Close

START UPS

Trade ministry receives Sh5 billion to boost innovation

Current innovations have had minimal impact in driving Kenya’s economy.

In Summary

• KEIP, which is a six-year project is set to increase innovation and productivity in about 200 select private sector firms.

• The credit facility was given at a two per cent interest rate with a 30-year repayment period with World Bank offering a five year grace period.

Trade CS Peter Munya during a press conference.
Trade CS Peter Munya during a press conference.
Image: PATRICK VIDIJA

The industrialisation department under the Trade Ministry has received a $50 million (Sh5 billion)  from World Bank for infrastructure support for innovations in Kenya.

Speaking at the launch of the Kenya Industry and Entrepreneurship Project, the initiative’s project manager Stephen Odua said, despite the country witnessing a number of innovations, they have had  minimal impact in driving Kenya’s economy.

KEIP, which is a six year project is set to increase innovation and productivity in about 200 select private sector firms.

“The challenge could be innovators are unable to reach the traditional industries,” Odua said. “We want more participation by innovators in both regional and international markets.”

KEIP is looking to increase innovation and productivity in over 200 select private sector firms.

Odua said about 132 of these companies should be geared towards creating an M-Pesa- like effect on Kenya’s economy.

The the International Development Association, the arm of the World Bank that helps the world’s poorest and developing country, awarded the credit facility at a two per cent interest to be paid over a 30 years.

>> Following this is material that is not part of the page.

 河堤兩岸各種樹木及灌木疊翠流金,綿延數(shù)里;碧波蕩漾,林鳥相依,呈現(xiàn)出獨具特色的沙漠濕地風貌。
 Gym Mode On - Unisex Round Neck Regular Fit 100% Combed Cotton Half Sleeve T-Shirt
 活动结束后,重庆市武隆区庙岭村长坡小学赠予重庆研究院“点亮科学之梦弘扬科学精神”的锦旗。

There is a five year grace period.

 World Bank Kenya director Felipe Jaramillo welcomed the initiative adding that there was need to boost the innovation and entrepreneurship ecosystem.

“This can only be done by supporting intermediaries such as hubs, accelerators, incubators and technology boot camps as well as establishing greater linkages between local start ups and traditional industries,” he said.

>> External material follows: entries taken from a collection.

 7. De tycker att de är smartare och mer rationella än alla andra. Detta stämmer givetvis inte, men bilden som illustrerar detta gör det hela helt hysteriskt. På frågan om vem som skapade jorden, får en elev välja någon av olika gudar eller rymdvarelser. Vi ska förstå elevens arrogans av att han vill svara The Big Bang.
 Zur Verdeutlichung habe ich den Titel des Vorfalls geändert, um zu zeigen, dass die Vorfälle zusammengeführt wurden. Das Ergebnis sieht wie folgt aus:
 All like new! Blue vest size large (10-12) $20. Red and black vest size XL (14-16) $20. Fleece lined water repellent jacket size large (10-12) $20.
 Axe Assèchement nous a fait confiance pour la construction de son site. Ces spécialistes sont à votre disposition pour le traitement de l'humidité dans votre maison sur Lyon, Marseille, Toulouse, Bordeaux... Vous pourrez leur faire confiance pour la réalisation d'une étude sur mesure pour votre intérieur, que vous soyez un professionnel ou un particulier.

The programme also aims to establish links between local start ups and international networks as well as between academia and the industry to fuel economic growth.

 Investment and Industry PS Betty Maina said despite the partnership being a step in the right direction, a lot more still needed to be done to increase firms’ productivity in the country.

“It is important that what you are producing can be commercialised and utilised by small business," she said.